Exactly the lines from the first line of the records to the line holding "Diámetro (en mm): 17" should be duplicated, and nothing more; pictures stay out.

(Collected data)
########

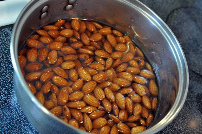 In a medium saucepan, combine 1 c. water, 1/2 c. maple syrup, 1/2 c. Scotch, and 3 c. almonds. Bring to a boil. Turn off heat and allow to soak for 30 minutes.
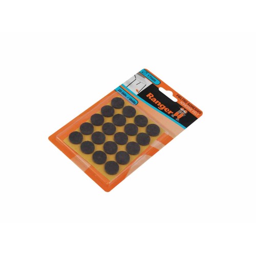 Diámetro (en mm): 17 Forma: Redondo Cantidad (en uds): 20 Fijación: Autoadhesivo Protección: Fieltros que cubren los extremos en contacto con el suelo de patas de sillas, mesas y otro mobiliario.
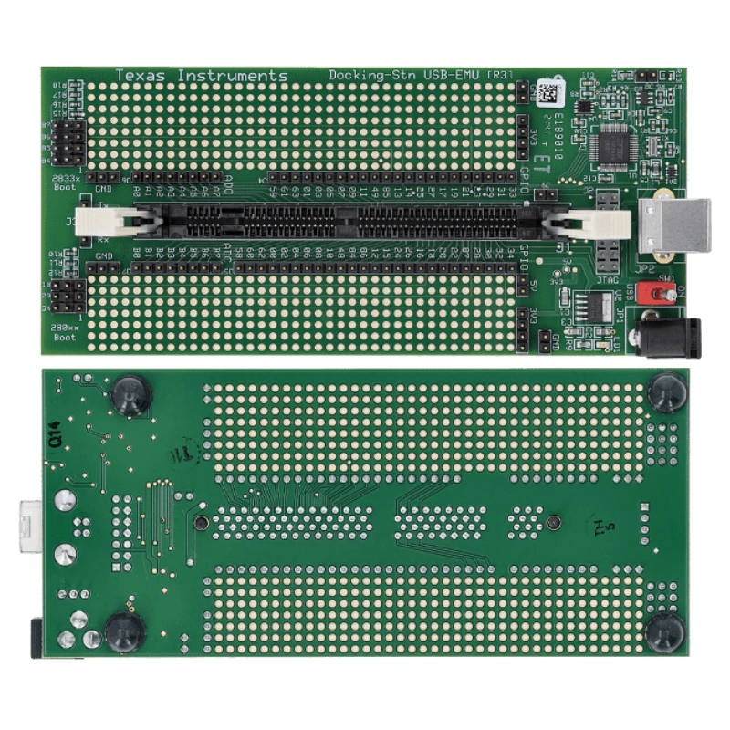 La placa de evaluación y desarrollo integrada TMDSDOCK28069 se basa en el microcontrolador Piccolo TMS320F28069, que utiliza un núcleo C28x de 32 bits y se puede clonar a 90 MHz, lo que proporciona 180 MIPS de rendimiento de procesamiento para manejar de manera eficiente los requisitos informáticos de algoritmos de control complejos.En términos de almacenamiento, la memoria flash integrada de 256 KB y 100 KB de RAM brindan suficiente espacio para el almacenamiento y el procesamiento de datos de programas, y también incluye 2 KB de ROM programable de una sola vez (OTP), que se puede utilizar para almacenar información de configuración clave.En términos de compatibilidad de desarrollo, el entorno de desarrollo integrado Code Composer Studio (CCS) es totalmente compatible.Con la ayuda del emulador J-TAG XDS100V1 integrado, el código se puede programar y depurar rápidamente en línea, y el proceso de desarrollo se puede completar sin hardware adicional.La configuración de la interfaz es rica, no solo proporciona una interfaz de extracción de señal completa y un área de placa de pruebas para una fácil verificación del prototipo, sino que también integra UART, SPI, CAN, I2C y otras interfaces de comunicación para cumplir con los diferentes requisitos de conexión periférica.
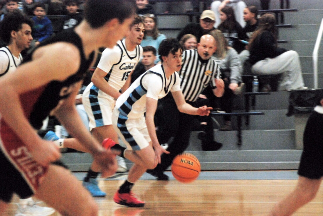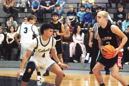 - Calhoun County’s Trevor Mayle looks to pass while being guarded by Parkersburg Catholic’s Leonardo DeAngelo during the Crusaders’ 100-44 Little Kanawha Conference victory Friday night. (Photo by Jay W. Bennett)
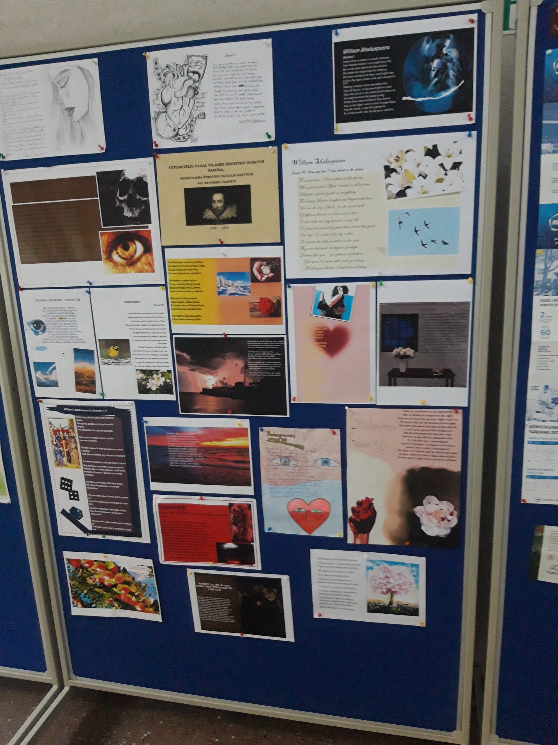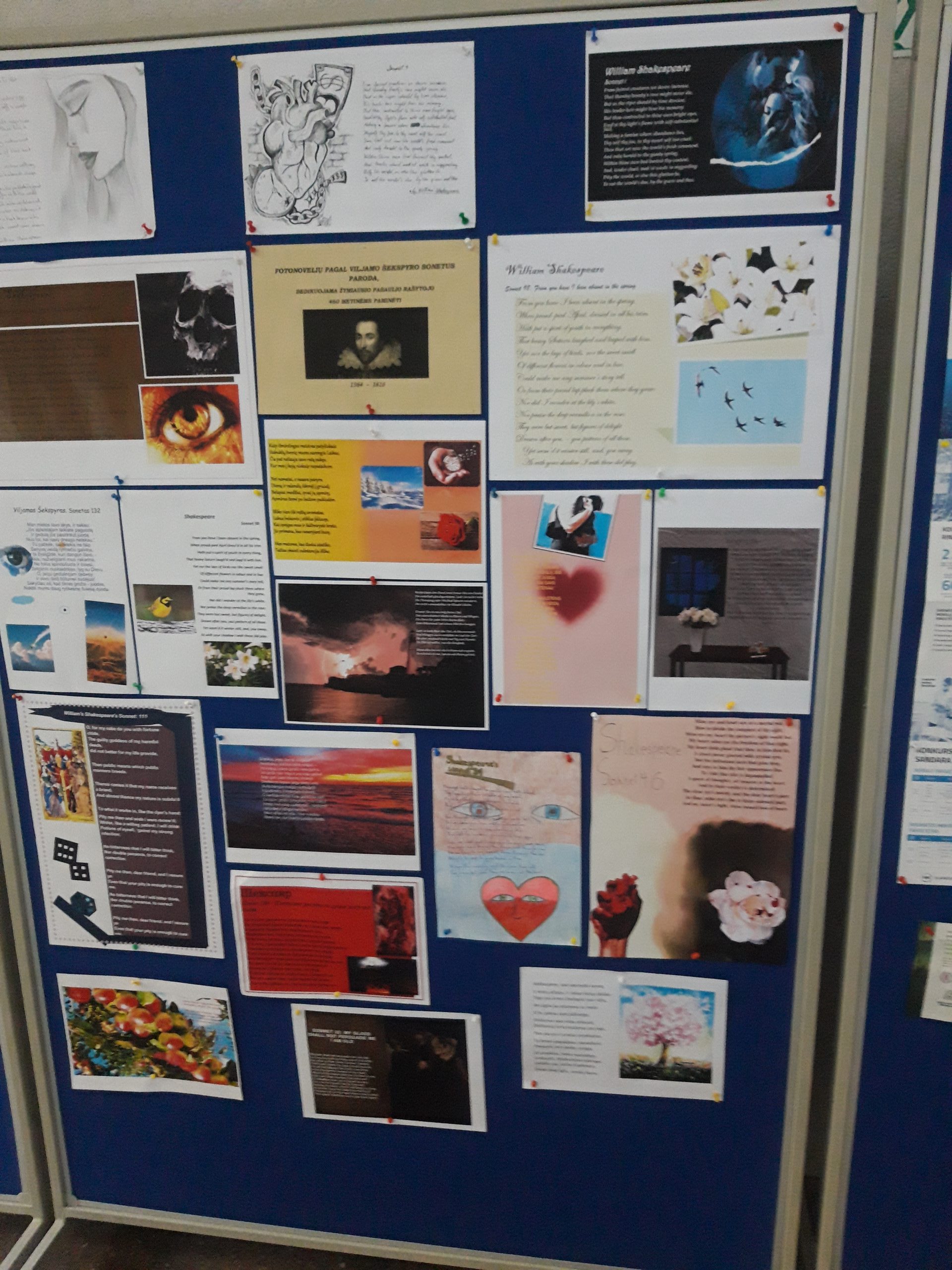 Viljamas Šekspyras savo unikalumu žavi net ir po mirties. Puoselėdami jo atminimą, balandžio 22–29 d. lietuvių kalbos bei užsienio kalbų pamokų metu I–III kl. gimnazistai kūrė darbus parodai ,,Fotonovelės pagal Viljamo Šekspyro sonetus“, kuri skirta vieno žymiausių pasaulio rašytojo 460-osioms metinėms paminėti.
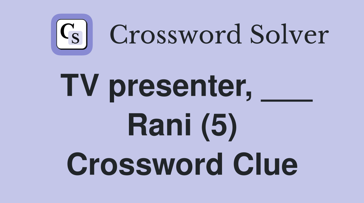 TV presenter, ___ Rani (5) Crossword Clue Answers Crossword Solver
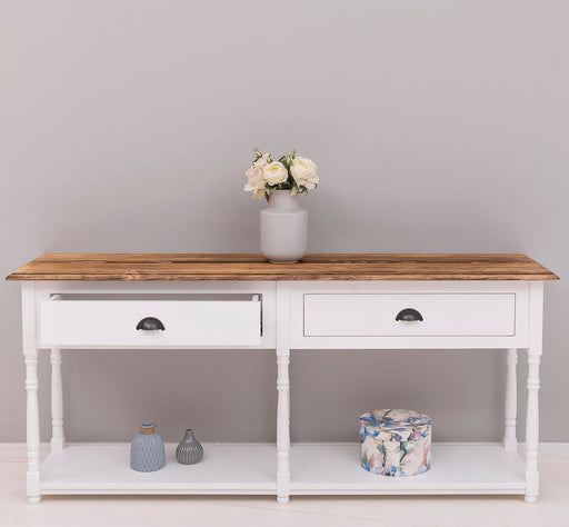 Jetzt Details anzeigenGroßer Vintage Konsolentisch aus Massivholz mit zwei Schubladen
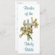 Um belo cartão que é perfeito para usar como marcador para sua bíblia. A frente tem uma cruz azul coberta de flores. As costas têm os livros do novo e antigo testemunho.
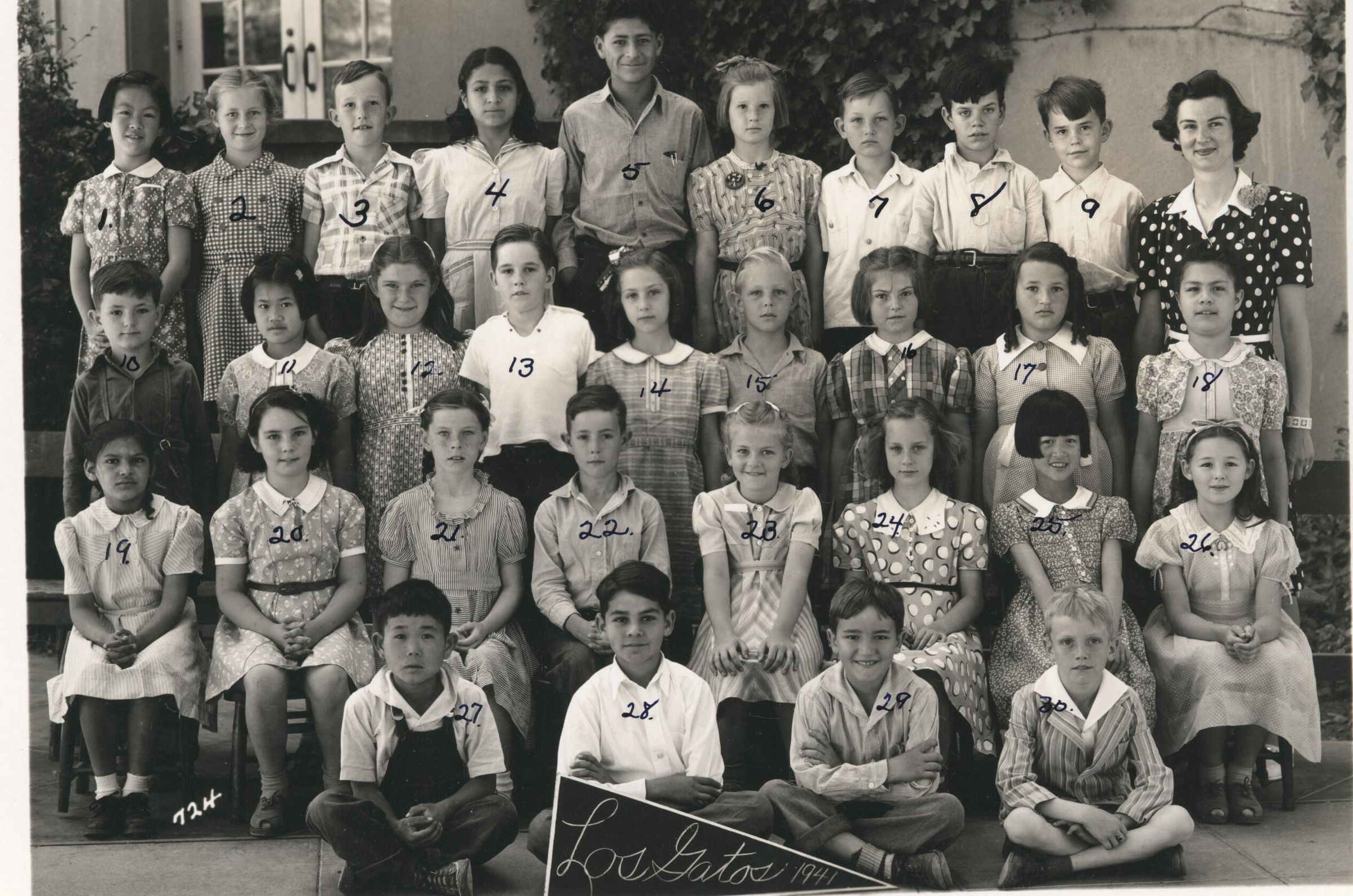 1.Frances Gok 2.Vinnie Lou North 3.Richard Lundy 4.Julliet Telly 5.Rudolph Telly 6.Joyce Thomson 7.Mark Reschar 8.Billy Amato 9.Dickie Daily, Miss Lucille Gruber, teacher, 10.Donny Dalton 11.Nellie Chew 12.Phyllis Graun 13.David Chegwin 14.Shirley Cage 15.George Larimore 16.Bertha Seeliger 17.Pauline Pires 18.Pauline Robles. 19.Elvira Flores 20.Anne Boyce 21.Beverly Elder 22.Joseph Ponciano 23.Donna Mae Wegner 24.Linda Evans 25.Edna Lee 26.Toni Triest. 27.Momoru Hirosi 28.Nick Garcia 29.Eddie Newman 30.Teddy Carper. LGUSD41010aCollection
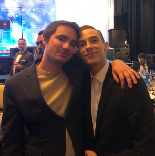 Especially wowed by Adam was veteran actress Sally Field and her son Sam Griesman. Sam posted a sweet text exchange between himself and his mom in which she urged him to pursue Adam as a love interest. Despite Sally claiming he was “mortified,” Sam was probably pretty boned when Adam responded back to him and Mom. And now they’ve met! Sam tweeted the above picture last night from a Human Rights Campaign event in L.A. Adam was given the Visibility Award. Sam added the caption, “Thanks, mom.”
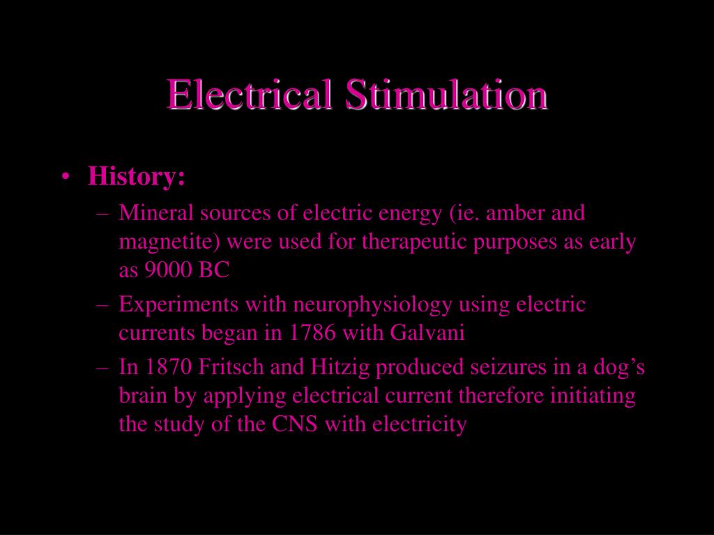 Electrical Stimulation • History: • Mineral sources of electric energy (ie. amber and magnetite) were used for therapeutic purposes as early as 9000 BC • Experiments with neurophysiology using electric currents began in 1786 with Galvani • In 1870 Fritsch and Hitzig produced seizures in a dog’s brain by applying electrical current therefore initiating the study of the CNS with electricity
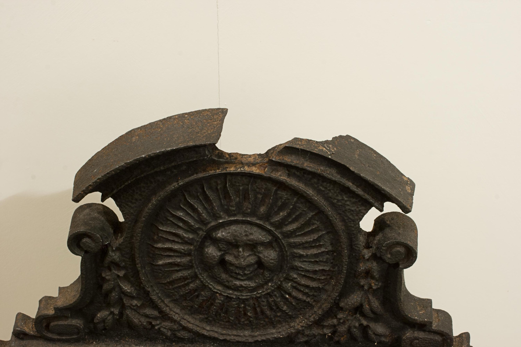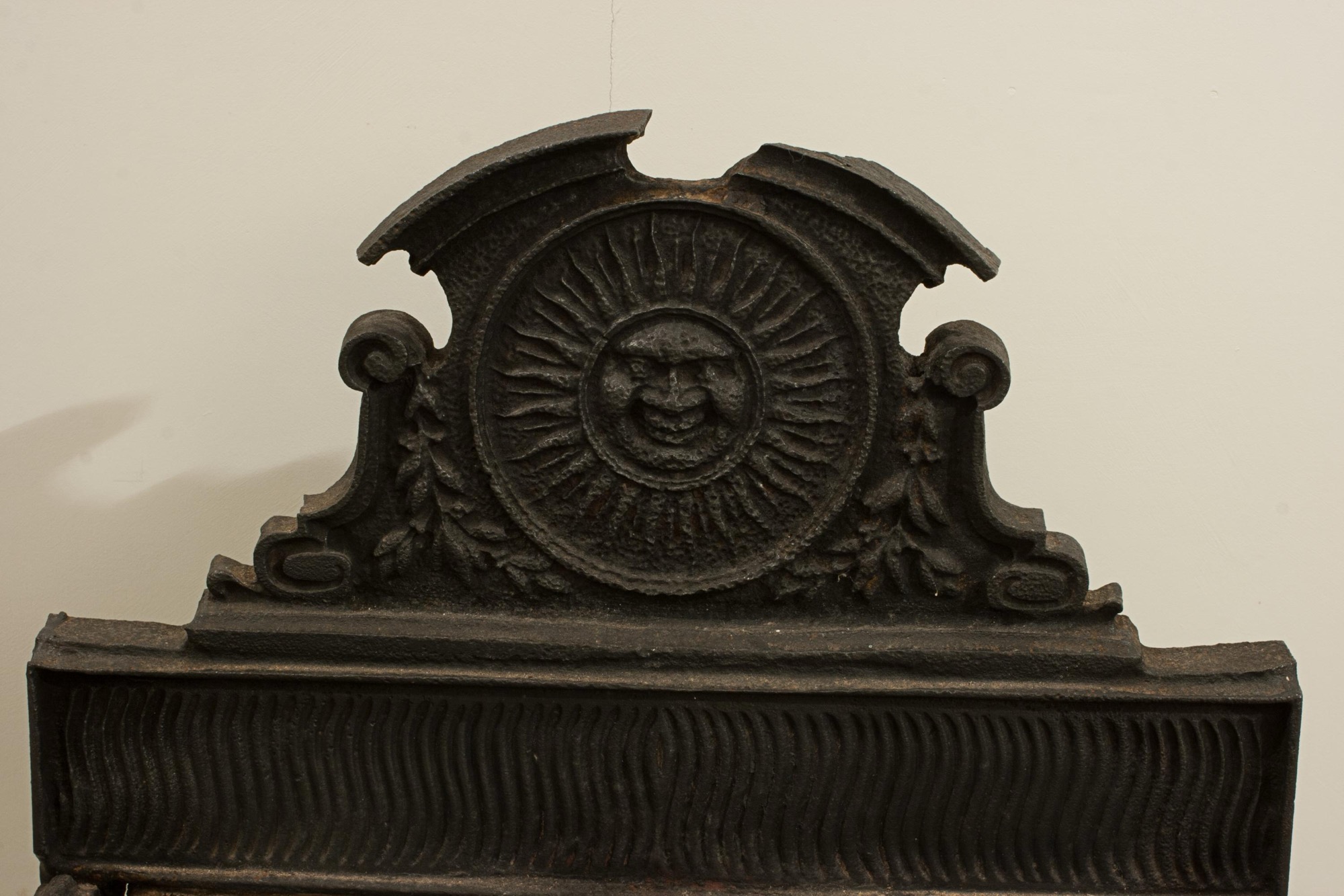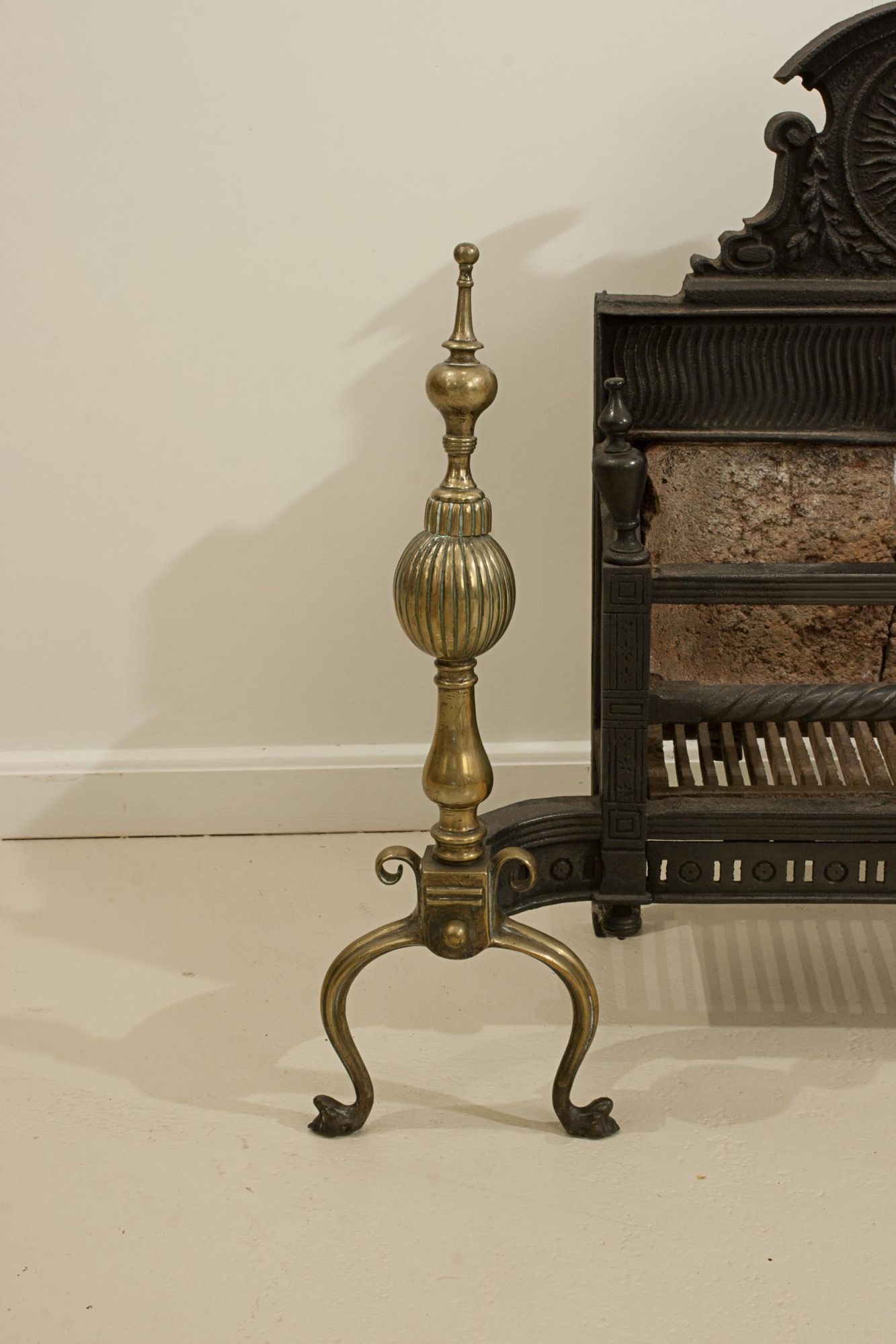 A cast iron decorative centerpiece for a hearth, antique fire basket with brass ball finial dog grates and decorated back piece with a central sun motif. This fire basket, also known as a dog grate, with a great pair of matching brass fire dogs.
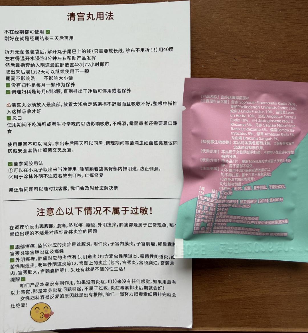这张附赠的卡片上称:“在调理阶段出现腹胀,腹痛,坠胀疼,腰酸,外阴瘙痒,肿痛都是属于正常现象,哪个部位出现的不适是对应你身体炎症的问题。例如,腹部疼痛、坠胀,对应的炎症是盆腔炎、附件炎、子宫内膜炎、子宫肌瘤、卵巢囊肿、宫颈炎等宫腔炎症及痛经;外阴瘙痒、肿痛,对应的炎症有阴道炎(包含滴虫性阴道炎、霉菌性阴道炎、细菌性阴道炎、老年性阴道炎等),宫颈上的炎症(包含宫颈炎,宫颈糜烂,宫颈息肉,宫颈肥大,宫颈囊肿等),还有就是不洁的性生活。”

########

#### Answer to this exercise:
 In a medium saucepan, combine 1 c. water, 1/2 c. maple syrup, 1/2 c. Scotch, and 3 c. almonds. Bring to a boil. Turn off heat and allow to soak for 30 minutes.
 Diámetro (en mm): 17 Forma: Redondo Cantidad (en uds): 20 Fijación: Autoadhesivo Protección: Fieltros que cubren los extremos en contacto con el suelo de patas de sillas, mesas y otro mobiliario.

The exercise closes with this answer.